As you might assume, redo is the step that isn’t always executed, if the quality of the item is excellent, then the item goes to the output queue. If an item's quality requires attention, it goes to the redo queue and is expected to perform the step "Do Work" again.
For our experiment, the probability of poor quality required repetition of "Do Work" will be very important, we can refer to that case as the probability of Redo.
In real life, we see this type of process everywhere:
- In the code review, when someone submits the code change and gets feedback to address identified code issues (code standard violation, implementation issues, etc)
- In the quality assurance practice, when the test team returns the application build for bug fixes
- In site reliability engineering, when the new release deployment requires manual intervention to address overlooked issues
Of course, our example is simple, and some might argue that this is too simple of a case and it doesn’t fully reflect the mentioned examples above, but we don’t need all the details at this moment. As one renowned scientist said, all models are wrong, but some are useful. This is exactly our case. Let’s learn from this model and see what we can apply to the world of software engineering management.
Picture 1. Structure of the experimental value stream map
BTW you can try to explore the model, play with parameters and add required details if you need - here is a link.
Now, let’s investigate how the probability of "Redo" at one step impacts the total process lead time and throughout. Such an experiment has a very practical outcome for software engineering managers since it could give us a clue on how to increase the value delivered without hiring new people. So let’s explore this abstract case and then discuss practical implications for software management.
In our simulation, we will increase the probability of redo from 0% to 90% with a 10% increment. We will assume that the results will be different depending on which item will be processed first: either one from the input queue or one from the redo queue, or whether we need to prioritize fixing bugs over feature development.
To model these cases, we will run three sets of simulations of this value stream map for 100 minutes:
- When the input queue has a higher priority than the redo - an engineering team works on new stories instead of bugs.
- When the input queue has an equal priority to the redo - an engineering team mixes new stories and bugs.
- When the input queue has a lower priority than the redo - an engineering team works on bugs first before any stories.
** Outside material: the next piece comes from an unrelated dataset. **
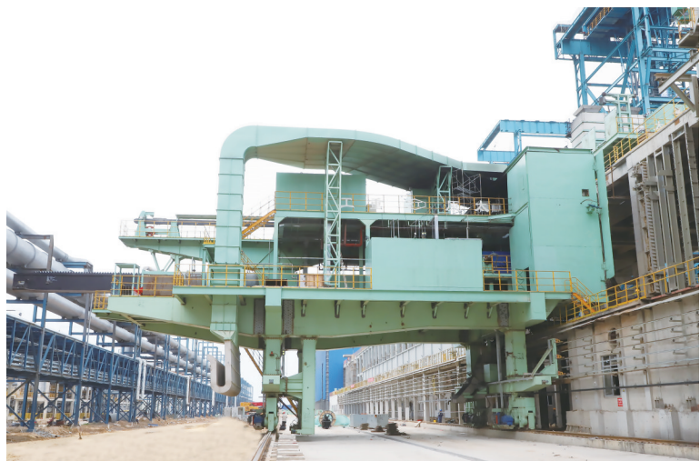
公司自主研发生产的7.3m智能焦炉设备填补了我国大型焦炉设备绿色化、智能化空白

太原日报社主办的《光影太原》官微以《“智造”强国在路上》为题,用28张摄影美图对太重“智造”发展之路进行了专题报道。文中提到,在“工业大国”迈向“工业强国”的新征程上,太重集团凭先进技术之力,走前人没走过的路,闯别人没闯过的关,用创新赢得“话语权”,使“中国制造”成为世界市场上的闪亮“名片”。

The output of our simulation is the following:
Picture 2. Three cases simulation results
Only for the case when the input queue has higher priority (new features are more important) than redo (bugs) we can observe the invariant lead time that equals two minutes. The explanation of such a phenomenon is simple: all items from the redo queue (bugs) are stuck at the bottom of the backlog and cannot get through the step "do work" since input queue items (new features) have higher priority. Even though it looks like the process performs well given the lead time of two minutes, it is an illusion because WIP grows due to deferred processing of redo items. Someday the postponed rework (bugs or technical debt) should be paid off; therefore, new items (new features) will be delayed anyway, and so it is reasonable to allocate a certain capacity of your team to address found issues.
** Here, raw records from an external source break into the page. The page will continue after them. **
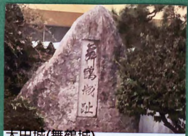
太田城(舞鶴城) 遺構 土塁、郭 城主 佐竹氏 形勝 平山城 21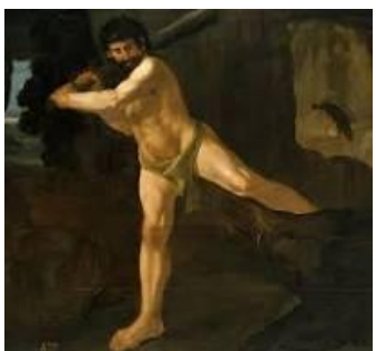
4º) El jabalí del Erimanto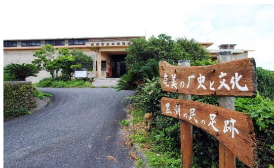
奄美市歴史民俗資料館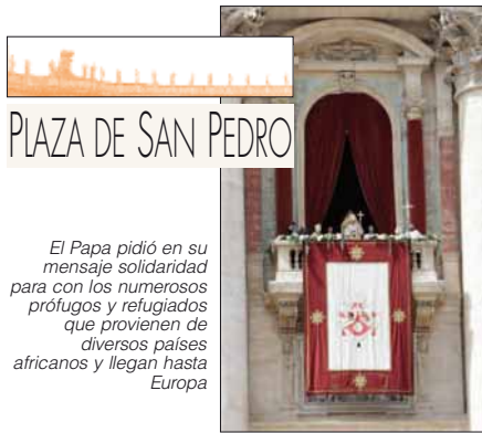
PLAZA DE SAN PEDRO

El Papa pidió en su mensaje solidaridad para con los numerosos prófugos y refugiados que provienen de diversos países africanos y llegan hasta Europa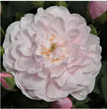
Rosa Blush Noisette

vaaleanpunainen - historiallinen - sempervirens ruusu 300-400 cm voimakkaan tuoksuinen ruusu - mangoarominen Antoine A. Jacques

Picture 3. Work in In Progress trend for the 50% probability of redo in case of the high priority of input queue
WIP - the closer you look, the worse it gets ... There are several models that can inform us about the impact of Work In Progress; highway traffic and network traffic. In both of these cases, additional packets on a network and additional cars on a segment of the road will have an effect on the performance of that part of the infrastructure because of limited capacity. When the load levels are low, the impact is negligible. But as the load increases (the number of vehicles or data packets) the overall speed of the traffic decreases. This is a key reason why Kanban uses WIP as a flow mechanism; it reduces the "traffic" level. Using WIP as a threshold indicator can help us monitor "traffic" but only if it captures all of the work. We need to capture all work, including planned, unplanned, administrative, and all other activities that compete for our mind and time. This soon becomes a game of priorities.
Getting back to our model, things are different when the input queue (new features) has higher priority than the redo queue (bugs), the lead time always grows along with a higher probability of redo. The reason for this phenomenon is that items get into the step "do work" several times before they exit the process, in other words, before we can say that done work is done. Another interesting observation is that throughput goes down along with redo growth, which is obvious since it counts the ratio of departed items to all arrived. If the lead time grows within a given period (in our case, we simulated for 100 minutes), then the number of departed items leaving the process goes down; therefore, the throughput does so as well.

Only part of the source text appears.